The line segment joining the points (3, -4) and (1, 2) is trisected at the points P and Q . If the coordinates of P and Q are (p, -2) and (5/3, q) respectively. Find the values of p and q.
Answers
The line segment joining the points (3,-4) and (1,2) is trisected at the points P and Q.
- Coordinates of P : (p, -2)
- Coordinates of Q : (5/3, q)
From the section formula for P,
P(x,y) = ( ( 1*1 + 2*3 )/1+2 , ( 1*2 + -4*2)/1+2 ) = (7/3, -2)
Q(x,y) = ( ( 2*1 + 1*3 )/1+2 , ( 2*2 + -4*1)/1+2 ) = (5/3, 0)
Hence, p=7/3 and q=0.
The line segment joining the points (3,-4) and (1, 2) is trisect at a point P(p, - 2) and Q (5/3,q)

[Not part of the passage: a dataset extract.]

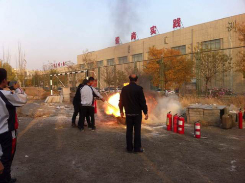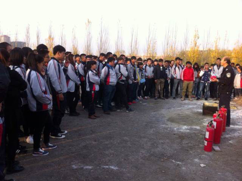 本次演习主要由保卫处尹永老师做现场总指挥,他首先认真的给同学讲解了引起火灾的原因及如何预防火灾的发生,讲解了遇到火灾的自求淘生途径,并在现场演示了灭火方法并让同学们进行了实际操作。

The value of p=7/3 and the value of q =0
Step 1:
Let's consider the joining point of the straight line is A(3,-4) and B(1,2)
Step 2:
As at point P and Q the straight line AB is trisect so for straight line AQ P is the mid point.
Step 3:
As P is the mid point of AQ so
X co ordinate of P = ( X co ordinate of A+ X co ordinate of Q) /2
Similarly
Y co ordinate of P = ( Y co ordinate of A+ Y co ordinate of Q) /2.
Step 4:
For calculating X co ordinate
p = (3+5/3)/2
p= 7/3
For calculating Y co ordinate
-2=(-4+q)/2
q=0
Therefore the value of p=7/3
and the value of q=0
Step 5:
To cross check the answer if we consider the PB straight line and Q is the mid point of PB. Then do the the problem in similar method. The value of p will come 7/3 and value of q will come 0.